Directions for this task: Restate every line of the data word for word, except for the images.

::: Data below :::

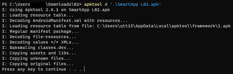먼저, apktool로 apk 파일을 디컴파일 해준 뒤
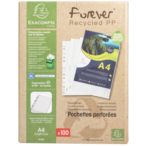 Entdecken Sie die hochwertigen Prospekthüllen Forever 5320E von Exacompta, die nicht nur funktional, sondern auch umweltfreundlich sind. Diese hocheffektiven Hüllen aus recyceltem Polypropylen (PP) bieten perfekten Schutz für Ihre Dokumente im Format A4 und sind dokumentenecht.
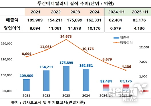 먼저 동사의 감사보고서(연결기준)에 의거해 지난 2021년부터 올 상반기까지 매출과 영업이익 추이를 살펴보면, 우선 매출은 2021년 10조9909억 원, 2022년 15조4211억, 2023년 17조5899억, 2024년 16조2331억 원으로 2023년을 정점으로 상승세가 꺾이는 흐름을 연출했다.

:::

Exercise response:
먼저, apktool로 apk 파일을 디컴파일 해준 뒤
 Entdecken Sie die hochwertigen Prospekthüllen Forever 5320E von Exacompta, die nicht nur funktional, sondern auch umweltfreundlich sind. Diese hocheffektiven Hüllen aus recyceltem Polypropylen (PP) bieten perfekten Schutz für Ihre Dokumente im Format A4 und sind dokumentenecht.
 먼저 동사의 감사보고서(연결기준)에 의거해 지난 2021년부터 올 상반기까지 매출과 영업이익 추이를 살펴보면, 우선 매출은 2021년 10조9909억 원, 2022년 15조4211억, 2023년 17조5899억, 2024년 16조2331억 원으로 2023년을 정점으로 상승세가 꺾이는 흐름을 연출했다.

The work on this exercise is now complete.